Problem to work on :: Each line in the material below, starting at the one that contains "The full kitchen" and ending at the one that contains "Modern smartwatch on", should be repeated exactly; the pictures should not.

Extracted data ::
§ §
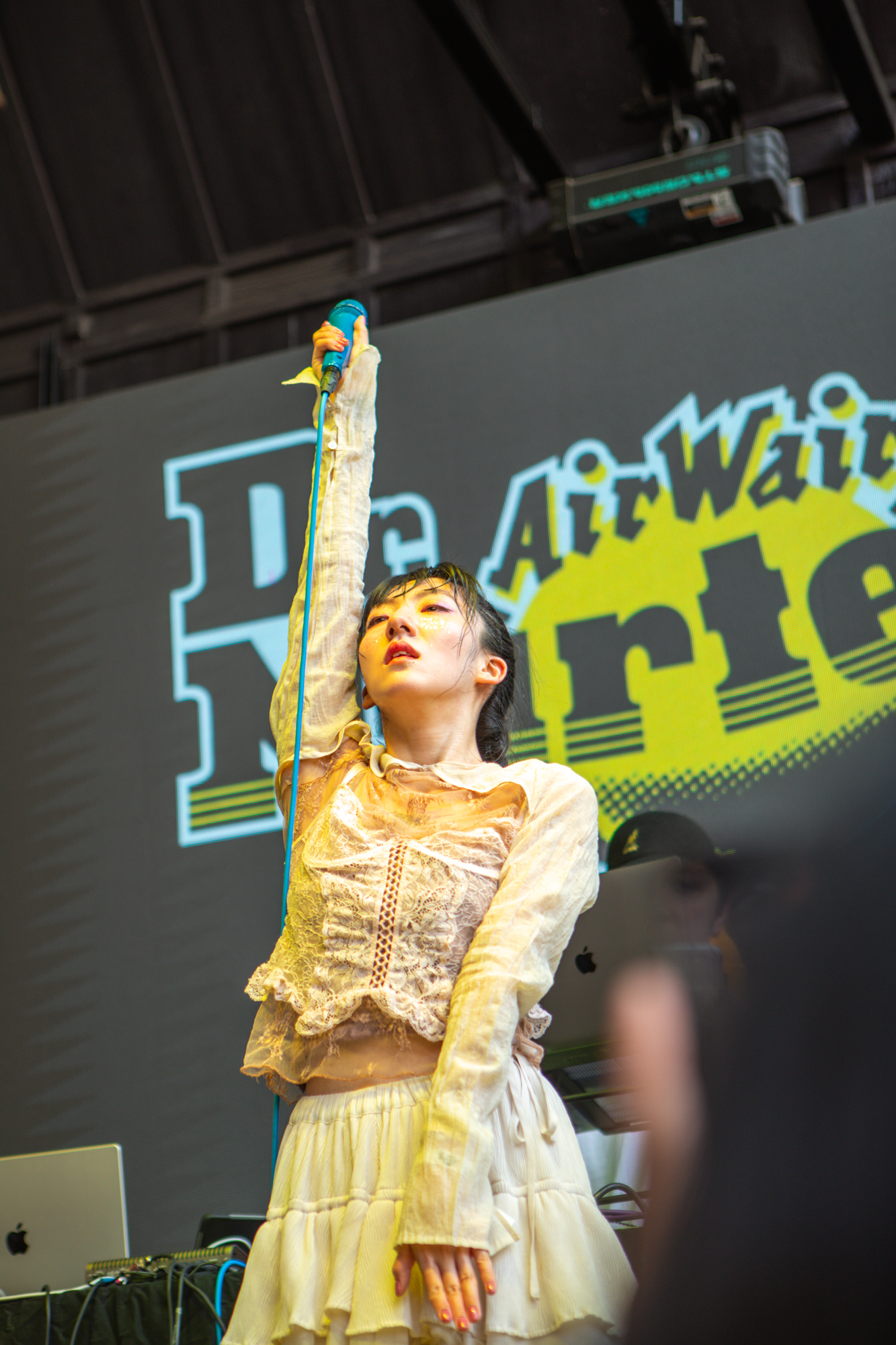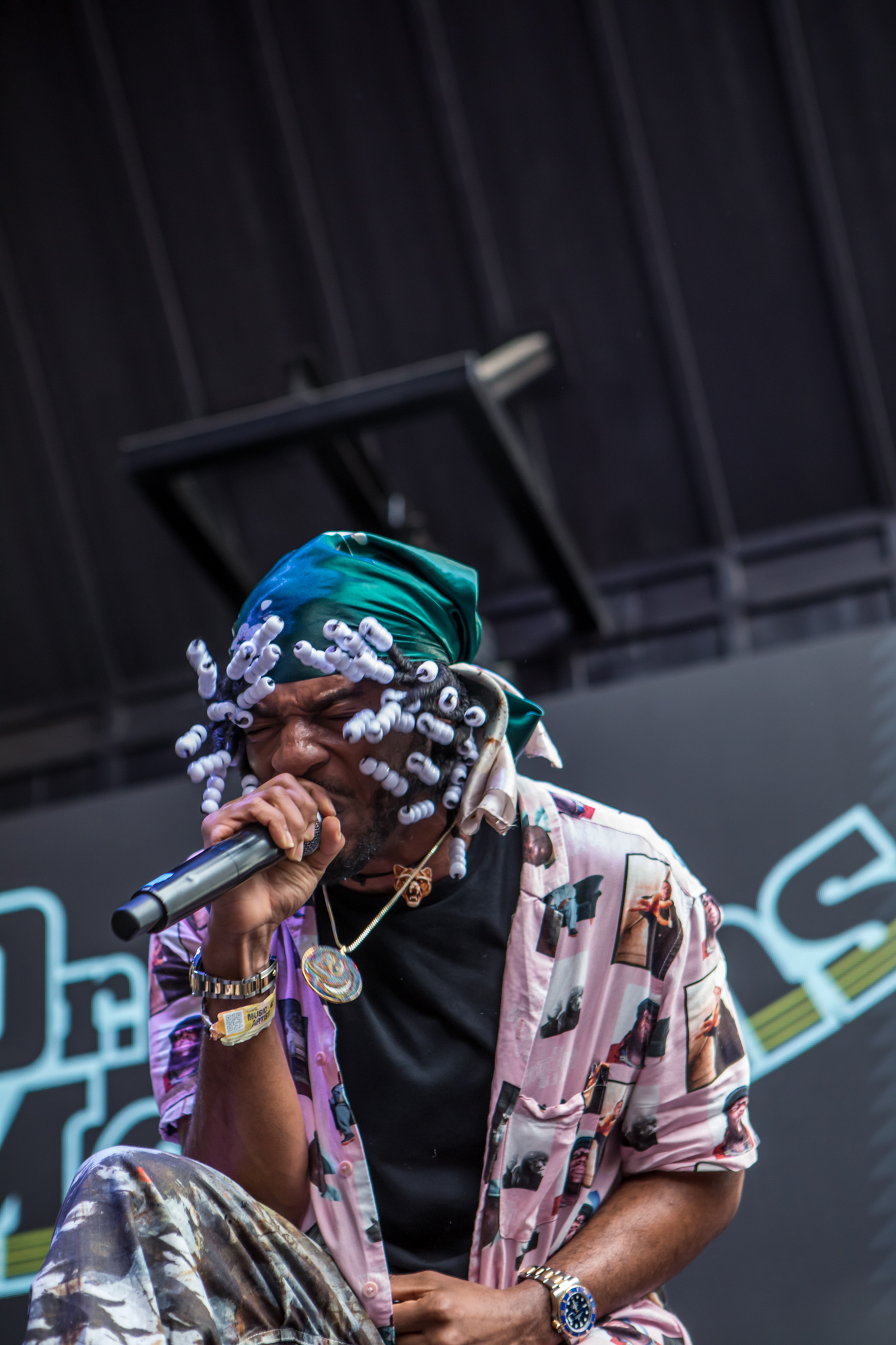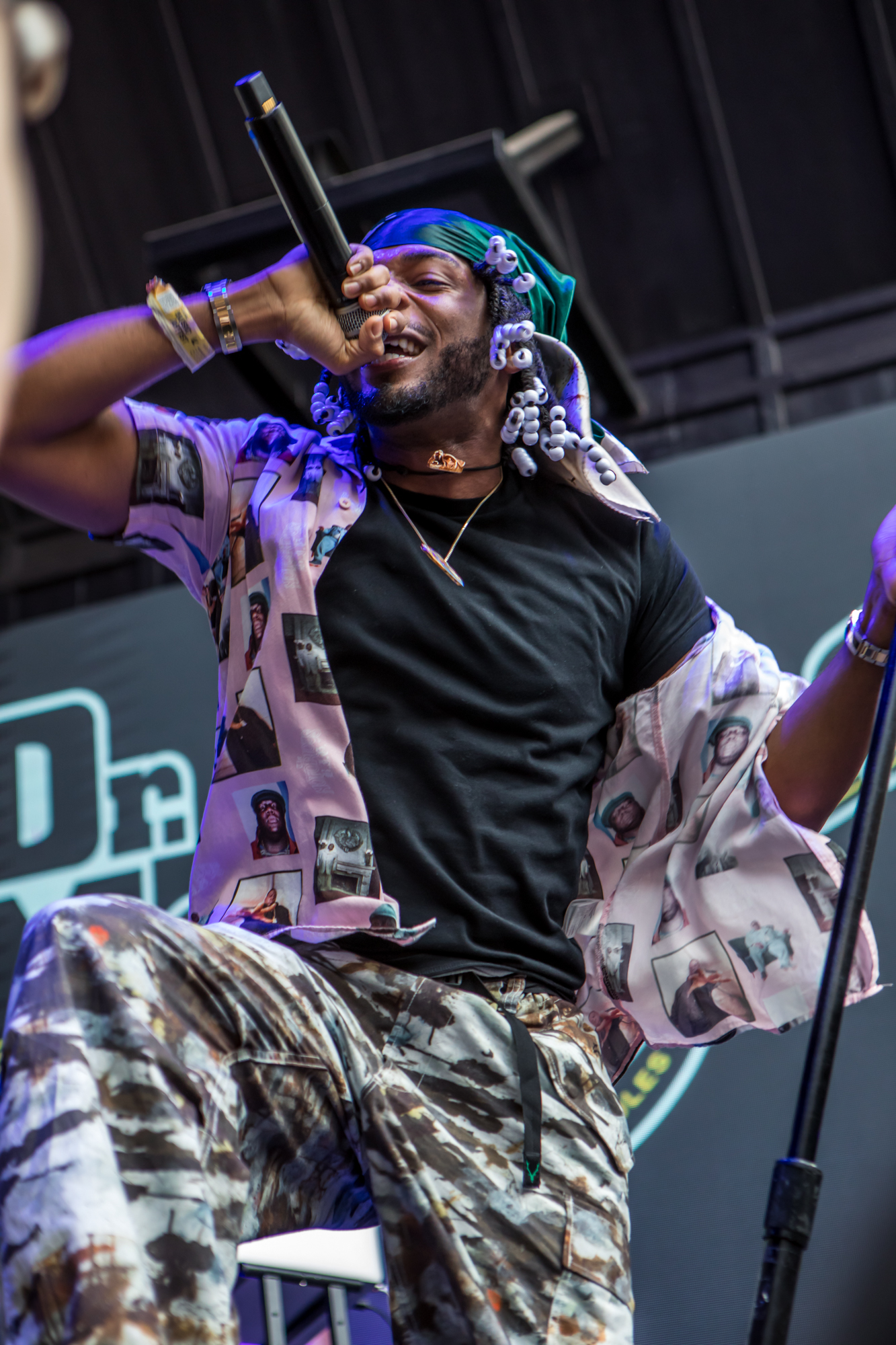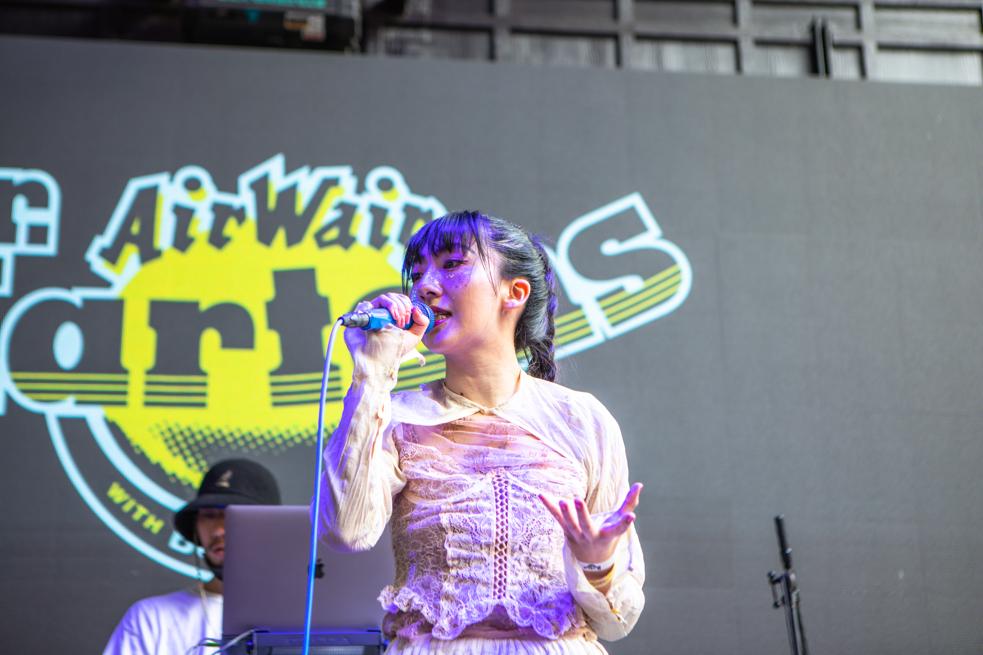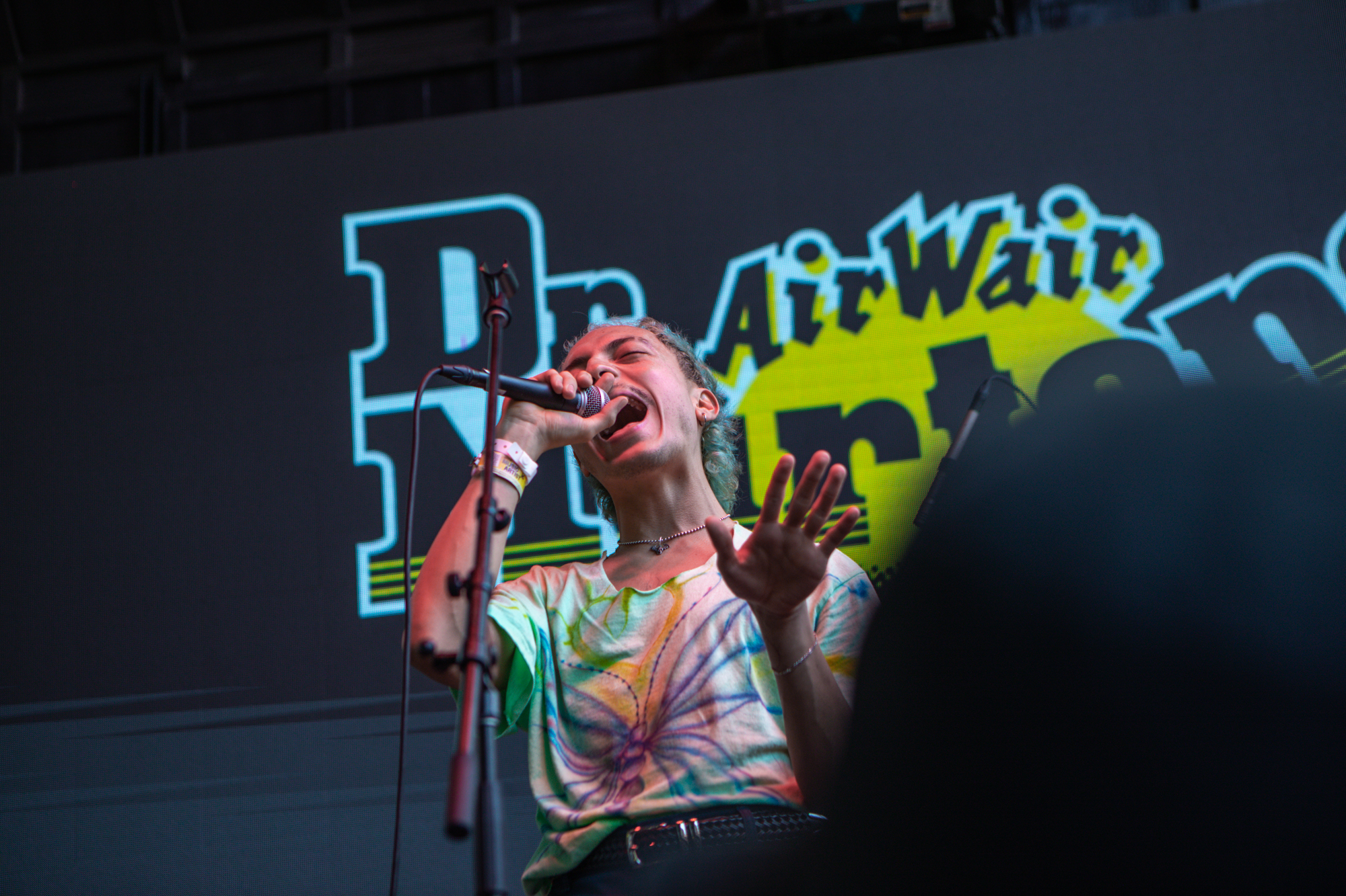 Our team arrived at the function in time to catch the last two songs from Lime Garden’s performance. The vibes were set to a bilingual set by the band Divino Niño from Chicago. Their set included songs from their newly released album, Last Spa on Earth including “Nos Soltamos” and “XO”. Japanese artist HARU NEMURI followed on stage where the scene quickly became a party as she invited three other artists to join her performance. Soon after, John the DJ continued to pump up the vibes as the crowd was endowed as a “family” and taught some dance moves while introducing Armani White. A fan traded his Biggie imprinted button-down for Armani’s pullover hoodie, while a saxophone player joined the stage to compliment the jams. – Emily Martinez and Keylee Paz
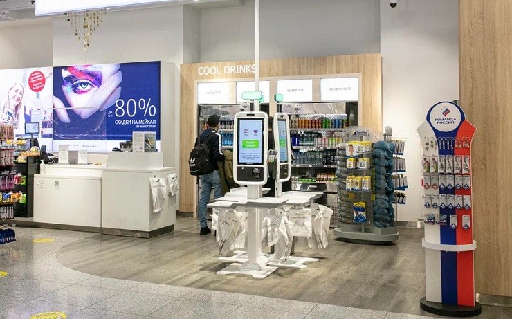 Флагманский магазин Sheremetyevo Travel Retail Heinemann поддержал цифровизацию услуг в аэропорту и принял решение поставить в кассы самообслуживания для своих покупателей. Важно было подобрать киоск, который будет органично вписываться в современный магазин, при этом занимать небольшую площадь торгового зала и иметь большой дисплей покупателя.
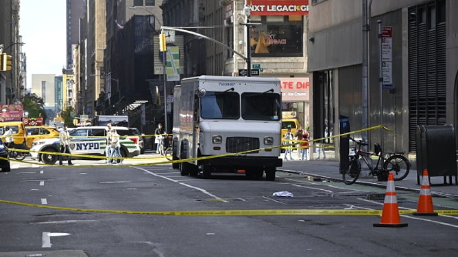 MANHATTAN, NEW YORK, UNITED STATES – NOVEMBER 16: NYPD officers maintain a security cordon after New York Jets NFL cornerback Kris Boyd was shot and critically hurt outside a restaurant in Midtown, Manhattan, New York, United States on November 16, 2025. (Photo by Kyle Mazza/Anadolu via Getty Images)
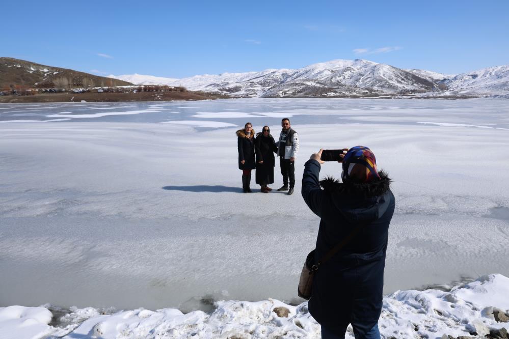 Çeşitli illerden kış tatili için Sivas’a geldiklerini belirtenler buz tutan gölün yüzeyinde yürüme fırsatı bularak tarifsiz bir deneyim yaşadıklarını dile getirdiler.
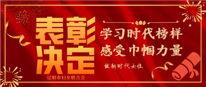 為傳承榜樣力量,在十四五的新起點(diǎn)上,引領(lǐng)動(dòng)員全市廣大婦女群眾巾幗心向黨、建功新時(shí)代,爭(zhēng)做走在時(shí)代前列的奮斗者、開拓者、奉獻(xiàn)者、以崗位建功獻(xiàn)禮建黨一百周年,遼陽市婦聯(lián)決定,授予遼寧富一機(jī)械有限公司總經(jīng)理孫春玲等人“遼陽市三八紅旗手”榮譽(yù)稱號(hào)。并希望全市廣大婦女以先進(jìn)典型為榜樣,見賢思齊,見德思齊,立足本職凝心聚力,砥礪前行,爭(zhēng)創(chuàng)-一-流,為建設(shè)更高水平的“四個(gè)遼陽”為實(shí)現(xiàn)新時(shí)代遼陽全-面振興、全-方位-振興抒寫巾幗榮光!
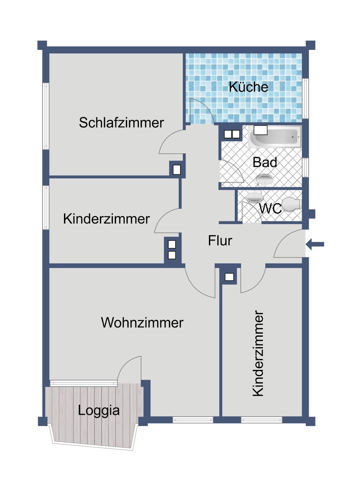 Der Wohnbereich bietet ausreichend Platz für eine gemütliche Wohnlandschaft und einen Essbereich und ist der zentrale Mittelpunkt der Wohnung. Die weiteren Zimmer eignen sich je nach Bedarf als Schlafzimmer, Kinderzimmer oder Arbeitszimmer und ermöglichen eine flexible Nutzung. Die Loggia erweitert den Wohnbereich nach außen und bietet einen angenehmen Platz zum Verweilen.
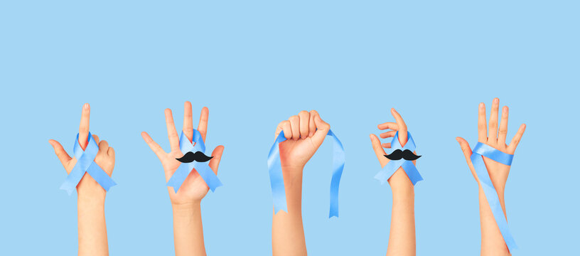 Men's health and Prostate cancer awareness campaign in November. Group of men hands holding blue ribbon awareness  with mustache to support and fight for health.  Movember campaign banner.
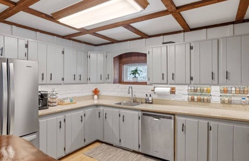 The full kitchen has everything you need to whip up tasty meals for large groups, including stainless steel appliances, cookware, dishes, and spacious countertops for prepping and serving your groups favorite dishes. I provide olive oil, balsamic, and a full suite of 24 organic spices, and a dishwasher makes cleaning up a breeze because who wants to spend time doing the dishes while on vacation?
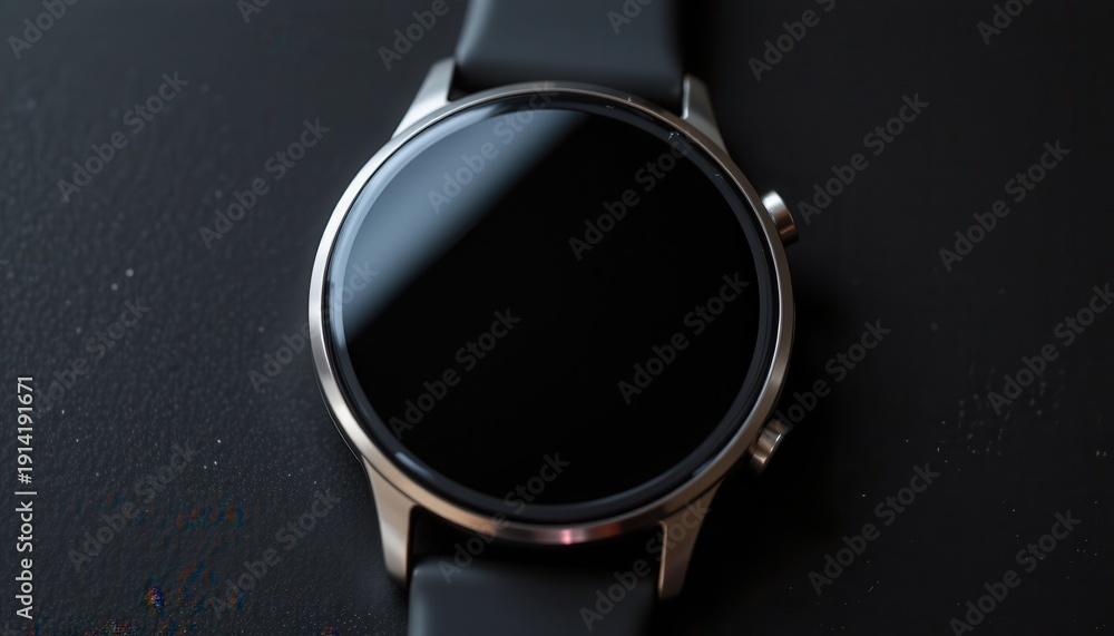 Modern smartwatch on a dark surface with a glossy screen and sleek design, showing technology and style #1914191671
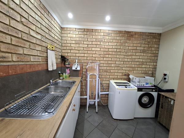 This property offers you 3 spacious bedrooms, 2 bathrooms, one en suite with a jet bath, a lounge, a TV room, a dining room, and a kitchen with a separate scullery. Lovely built-in braaiin entertainment area and a swimming pool to cool off in for the hot summer days, and a study. On one side of the house, with its own entrance, you have a one-bedroom flat that can be rented out for extra income. The garage on that side is a tandem long garage that drives through to the back and the workshops. Two Wendy houses that are used for storage, or you can use them as workshops. There is also a Wendy house that is used as a birdhouse and two 5000-liter YoYo tanks with a pressure pump to supply the house with water in need. The greatest thing in the backyard must surely be the HOT HOUSE!! Yes, you did not read wrong...this property has a hothouse that you can plant all your vegetables and herbs in for use in your home. Fresh right at your fingertips!. The hothouse and the garden have irrigation, so there''s no need to stand with a garden hose!. There are 3 entrances to the property the main gate leads to a big double garage with a double carport in the front. The gate is motorized. Second entrance gate to the flat, and the 3rd, to the side of the house. A beautiful, manicured garden greets you as you enter the property and is planted and looked after with love. 24-hour armed response alarm system, and property fenced with palisades and concrete walling at the sides and back. The house and flat have two separate pre-paid electricity meters.
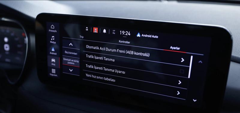 Otomatik uzun far kontrolü, gece sürüşlerinde çevresel ışık koşullarına göre farları otomatik yönetiyor. Sürücü yorgunluk uyarısı, sürüş davranışındaki değişimleri analiz ederek sürücüyü erken aşamada uyarıyor. Trafik işareti tanıma sistemiyle algılanan yol işaretleri, akıllı hız yardımı fonksiyonu ile entegre çalışarak hız sınırlarının güvenli ve mevzuata uygun şekilde yönetilmesine katkı sağlıyor. Tüm bilgiler, sürücünün dikkatini dağıtmadan gösterge paneline aktarılıyor.
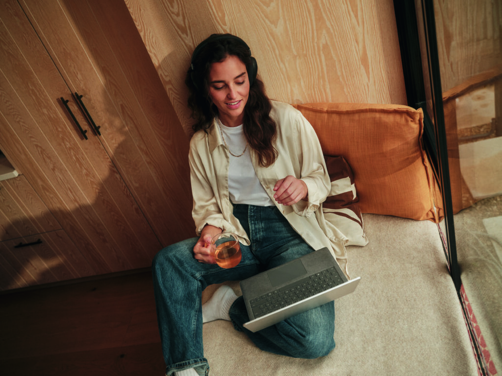 Przede wszystkim podczas rozmów w rozmaitych warunkach panujących w miejscu, w którym aktualnie przebywają. Algorytm działający w nowych słuchawkach pracuje nieprzerwanie i całkowicie automatycznie, bez konieczności włączania czy wyłączania go przez użytkownika. Został wytrenowany w laboratoriach producenta na ogromnych zbiorach danych obejmujących wiele języków, różne barwy głosu i szerokie spektrum hałasów, dzięki czemu potrafi skutecznie rozpoznawać ludzką mowę w każdych warunkach – od open space’u, przez restaurację, po dom pełen dziecięcego gwaru. Poza tym będzie nadal rozwijany dzięki bieżącym aktualizacjom oprogramowania zapewnianych przez Jabra. W efekcie zatarła się granica między sprzętem konsumenckim a profesjonalnym. Nie trzeba już wybierać między słuchawkami z lepszym ANC do samolotu a innymi, które lepiej wyciszają otoczenie podczas wideokonferencji. Jedna para oferuje pełnię możliwości w każdym scenariuszu, bez kompromisów i bez konieczności żonglowania urządzeniami.
§ §
Answer below ::
 The full kitchen has everything you need to whip up tasty meals for large groups, including stainless steel appliances, cookware, dishes, and spacious countertops for prepping and serving your groups favorite dishes. I provide olive oil, balsamic, and a full suite of 24 organic spices, and a dishwasher makes cleaning up a breeze because who wants to spend time doing the dishes while on vacation?
 Modern smartwatch on a dark surface with a glossy screen and sleek design, showing technology and style #1914191671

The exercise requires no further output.